▶ _Entries provided_:
◆ ◆ ◆ ◆ ◆
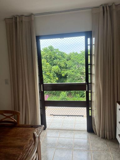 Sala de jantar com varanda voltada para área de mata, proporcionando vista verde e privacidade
◆ ◆ ◆ ◆ ◆
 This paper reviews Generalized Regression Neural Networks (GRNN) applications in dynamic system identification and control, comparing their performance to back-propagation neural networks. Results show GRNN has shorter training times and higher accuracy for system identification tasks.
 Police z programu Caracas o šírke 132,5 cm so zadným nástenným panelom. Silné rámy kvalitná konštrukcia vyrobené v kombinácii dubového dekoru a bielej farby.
◆ ◆ ◆ ◆ ◆
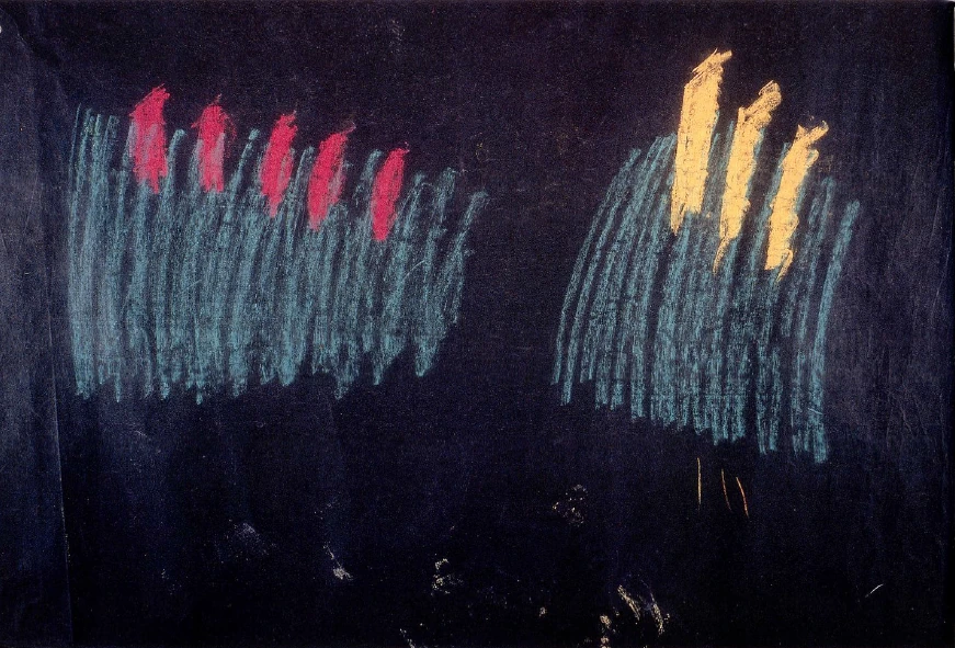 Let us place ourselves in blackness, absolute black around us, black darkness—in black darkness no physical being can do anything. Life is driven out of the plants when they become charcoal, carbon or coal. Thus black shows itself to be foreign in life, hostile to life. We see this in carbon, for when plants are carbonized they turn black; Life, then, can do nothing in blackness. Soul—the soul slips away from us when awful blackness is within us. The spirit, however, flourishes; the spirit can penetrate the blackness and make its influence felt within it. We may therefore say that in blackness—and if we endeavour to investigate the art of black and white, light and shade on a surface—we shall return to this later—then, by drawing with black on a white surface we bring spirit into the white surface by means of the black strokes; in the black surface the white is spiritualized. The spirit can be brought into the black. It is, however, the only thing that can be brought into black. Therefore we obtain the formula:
◆ ◆ ◆ ◆ ◆
▶ _Exercise instructions_:
Your answer must be the lines above from the one containing "This paper reviews" to the one containing "Police z programu", both included, restated word for word.

▶ _Your response_:
 This paper reviews Generalized Regression Neural Networks (GRNN) applications in dynamic system identification and control, comparing their performance to back-propagation neural networks. Results show GRNN has shorter training times and higher accuracy for system identification tasks.
 Police z programu Caracas o šírke 132,5 cm so zadným nástenným panelom. Silné rámy kvalitná konštrukcia vyrobené v kombinácii dubového dekoru a bielej farby.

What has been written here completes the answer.